Diving into Apple's M5: Moore's Law & Microchip Marvels
Explore Apple's M5 chip, Moore's Law, and the evolution of microchips over decades.
Written by AI. Mike Sullivan

Photo: Marques Brownlee / YouTube
The tech world has a penchant for grand promises and futuristic visions, and what better way to illustrate these than by shrinking down to the size of a microchip? Marques Brownlee takes us on a journey through Apple’s latest M5 chip, a tour de force of miniaturization that’s more mind-boggling than your first time seeing a floppy disk.
Moore’s Law: The Everlasting Gobstopper of Tech
Back in the 80s, Gordon Moore made a prediction that would become the tech equivalent of a rockstar's hotel room legend. Moore's Law posited that the number of transistors on a microchip would double approximately every two years. For decades, this prediction has been the heartbeat of the semiconductor industry, driving the relentless march of progress. But like any good rockstar, it's worth asking how long the party can last. Brownlee’s video reminds us that while Moore's Law has held true for a remarkable stretch, we're now playing in the atomic sandbox.
Brownlee’s visual journey through the scale of technology is like watching a history of music go from vinyl to Spotify playlists. He notes, “Technology only gets better because of the people working really hard on it.” And it's true. Those folks in lab coats are the unsung heroes of our pocket-sized supercomputers.

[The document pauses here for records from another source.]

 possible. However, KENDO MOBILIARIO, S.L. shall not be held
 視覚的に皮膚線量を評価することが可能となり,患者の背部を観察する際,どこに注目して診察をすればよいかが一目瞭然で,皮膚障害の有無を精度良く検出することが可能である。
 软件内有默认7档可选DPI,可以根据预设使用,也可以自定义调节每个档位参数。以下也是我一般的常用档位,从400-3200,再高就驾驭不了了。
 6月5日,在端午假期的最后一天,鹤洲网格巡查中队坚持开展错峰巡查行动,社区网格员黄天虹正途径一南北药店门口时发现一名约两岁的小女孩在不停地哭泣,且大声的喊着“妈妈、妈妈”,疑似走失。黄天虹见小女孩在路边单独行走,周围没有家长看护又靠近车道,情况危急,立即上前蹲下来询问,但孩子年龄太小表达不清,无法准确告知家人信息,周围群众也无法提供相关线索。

Photolithography: The Magic Behind the Curtain
Creating transistors today involves photolithography, a process that might as well be magic to the uninitiated. Imagine trying to paint the Mona Lisa on a grain of rice, and you'll start to get an idea of the complexity involved. Brownlee likens it to developing a photo with light projected through a microscope, but instead of capturing your awkward high school photo, you’re etching circuits on a silicon wafer.
Now, if you’ve seen the 1985 classic, Back to the Future, you might remember Doc Brown’s flux capacitor. Photolithography is our real-world equivalent of time-traveling DeLorean magic, turning the impossible into Tuesday’s work.

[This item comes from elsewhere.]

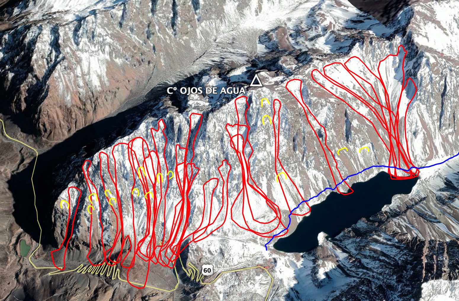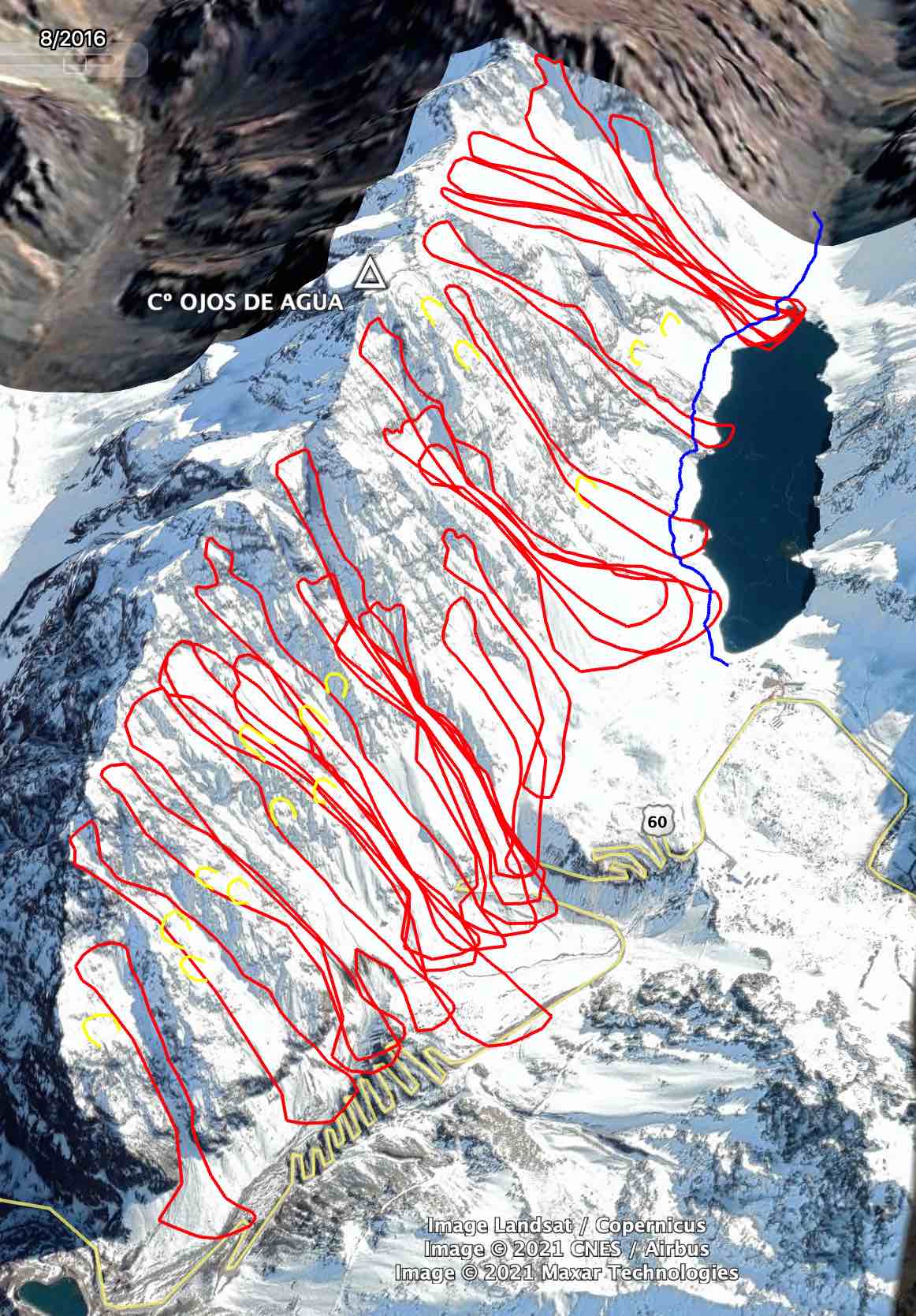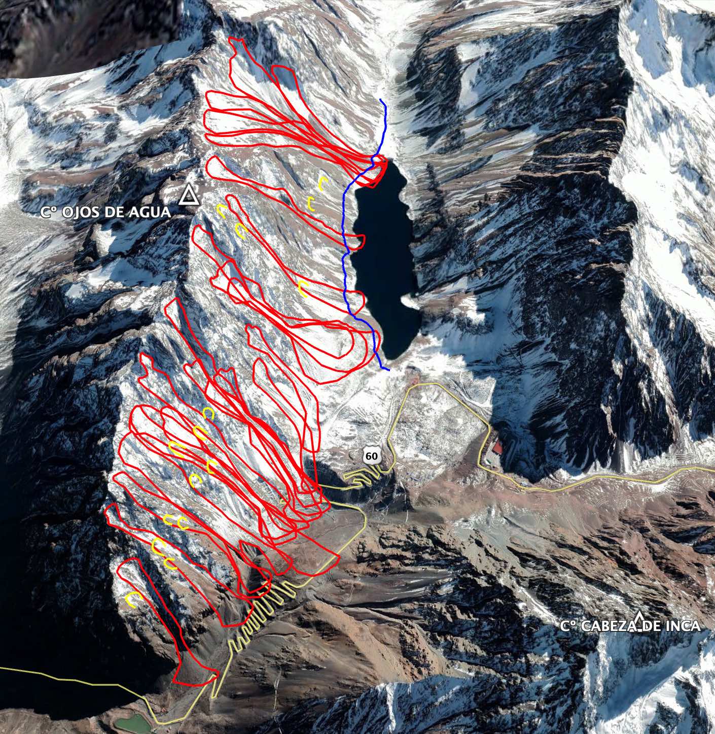 Las siguientes imágenes en 3D, descargadas de Google Earth Pro ( 17/07/021.); indican con las capas sobrepuestas de color rojo, los limites y alturas de flujo ( m ) de las sendas de avalanchas, de la ladera Oeste del Cº Ojos de Agua, ubicada en Portillo V región.

From Room-Sized Behemoths to Pocket-Sized Titans
Remember when computers were the size of a room? Neither do I, but I hear they were quite the spectacle. The first electronic computer, the ENIAC, was the size of a small house. If we still built computers that way, your iPhone would need to be the size of New Jersey, as Brownlee humorously points out.
The evolution from room-sized titans to pocket-sized marvels isn't just a tale of technological prowess; it's a saga of human ingenuity. The drive to make things smaller, faster, and cheaper is as much a part of our DNA as our love for Star Wars and The Matrix.
The Future: A Shrinking Horizon?
So, where do we go from here? Brownlee himself wonders about the future of Moore’s Law as we approach the physical limits of miniaturization. It's like the end of a great 90s sitcom—will there be a satisfying resolution, or are we destined for a sequel that never quite captures the magic of the original?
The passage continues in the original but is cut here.